Special Collections After Hours: Skeletons in Our Closets

illustration of several skeletons attacking humans with arrows, with a central image of a skeleton wielding a scythe

Illustration from Benedictus Antonio Van Assen, The British Dance of Death. London: Hodgson and Co., 1828. Special Collections Research Center, University of Michigan Library.

The Special Collections Research Center is continuing its new open house series, Special Collections After Hours, and this time we're getting ready for Halloween! Join us to see the Skeletons in Our Closets on Tuesday, October 9. We'll be showcasing spooky stuff from across our collections. Here's a small preview of a few of the items we'll have on display!

front cover  of Real Ghost Stories, featuring an illustration of a photographer trying to capture a spirit on film
Front cover of William T. Stead, editor, Real Ghost Stories. London: Stead's Publishing House, 1921 (Second edition).

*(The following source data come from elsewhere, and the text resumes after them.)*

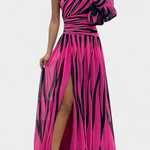 Haljina koja jednostavnost pretvara u stilsku izjavu. Valentina kombinira privlačnost asimetričnog dizajna s jednim ramenom i uzorak mekih pruga koji produžuju figuru i donose dinamiku. Lagana, fluidna i puna prisutnosti, idealna je za prilike kada želite istaknuti sofisticiranost bez napora.
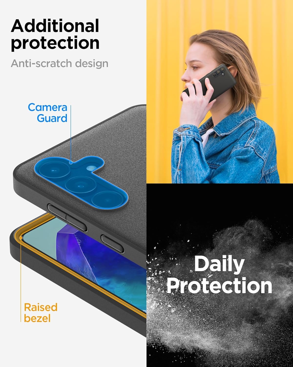 Το εξαιρετικό χαρακτηριστικό της θήκης είναι η μοναδική υφή άμμου που προσφέρει μια κομψή εμφάνιση, αλλά και ένα εξαιρετικό κράτημα, μειώνοντας τον κίνδυνο των τυχαίων πτώσεων. Το υπερυψωμένο πλαίσιο προσφέρουν επιπλέον προστασία για την οθόνη και τους φακούς, προφυλάσσοντάς τα από γρατσουνιές και άλλες φθορές.
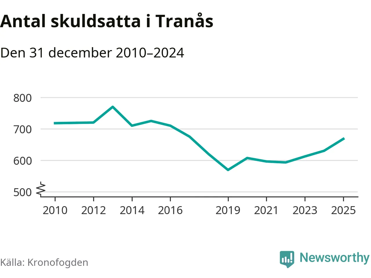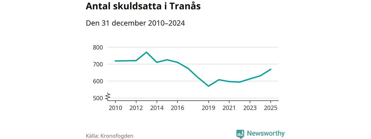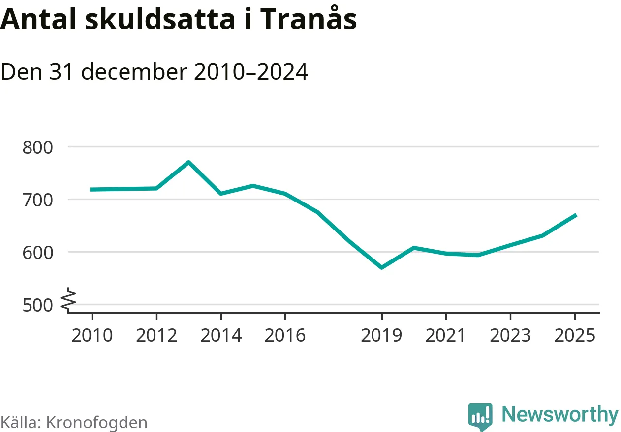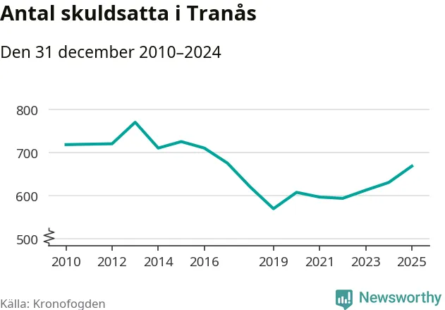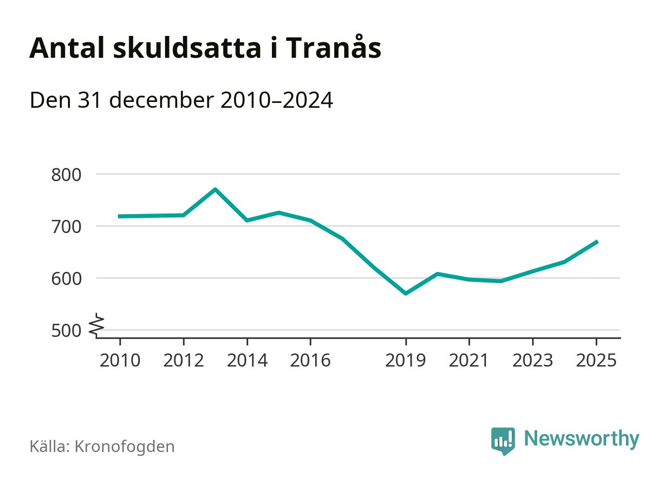 Allt fler Tranåsbor hamnar hos Kronofogden. Vid årskiftet var 668 invånare i kommunen skyldiga totalt 175,5 miljoner kronor. Det är en ökning med 38 personer – eller 6 procent – jämfört med året innan. Det är det högsta antalet sedan 2017.

Special Collections Research Center, University of Michigan Library.

We'll display two collections of ghost stories edited by William T. Stead, who believed the dead communicated with the living through spirit mediums.  The stories collected here aren't literary, but purportedly genuine accounts of contact with the dead. There's even a note of caution noting "that the narratives in these pages had better not be read by any one of tender years, of morbid excitability, or of excessively nervous temperament." Read at your own risk!

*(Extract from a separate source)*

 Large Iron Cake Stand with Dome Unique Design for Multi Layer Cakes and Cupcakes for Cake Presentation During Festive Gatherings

front cover of Witches' Almanac describing the volume as "the indispensible guide and delightful companion for adept, occultist, witch and mortal alike"
Front cover of 1971/1972 issue of The Witches' Almanac. New York: Grosset & Dunlap, 1971. Special Collections Research Center, University of Michigan Library.

If your temperament is too nervous for ghost stories, learn about the lore and practice of witchcraft in 1970s issues of The Witches' Almanac. Each issue is packed with a variety of information, like lists of famous witches, simple spells, herbal remedies, and even a short quiz to judge your witch potential.

skeletal figure preparing to pierce a dancing woman with an arrow
"Death and the Dancer" from Benedictus Antonio Van Assen, The British Dance of Death. London: Hodgson and Co., 1828. Special Collections Research Center, University of Michigan Library.

For those who prefer the darker side of Halloween, we'll display some reminders of mortality in the form of the danse macabre. This genre of art features skeletal figures claiming various representatives of human life--the young and old, the powerful and weak--as a reminder that death comes for us all.

Drop in to our presentation space in Hatcher room 660D any time between 4 and 7 pm on Tuesday, October 9 to see these materials and more, including pop-up books, spirit photographs, and a sixteenth century copy of the most famous book on witchcraft, the Malleus Maleficarum. Light refreshments will be provided. And don't forget to keep an eye out for more open house events every second Tuesday of the month during the fall and winter semesters.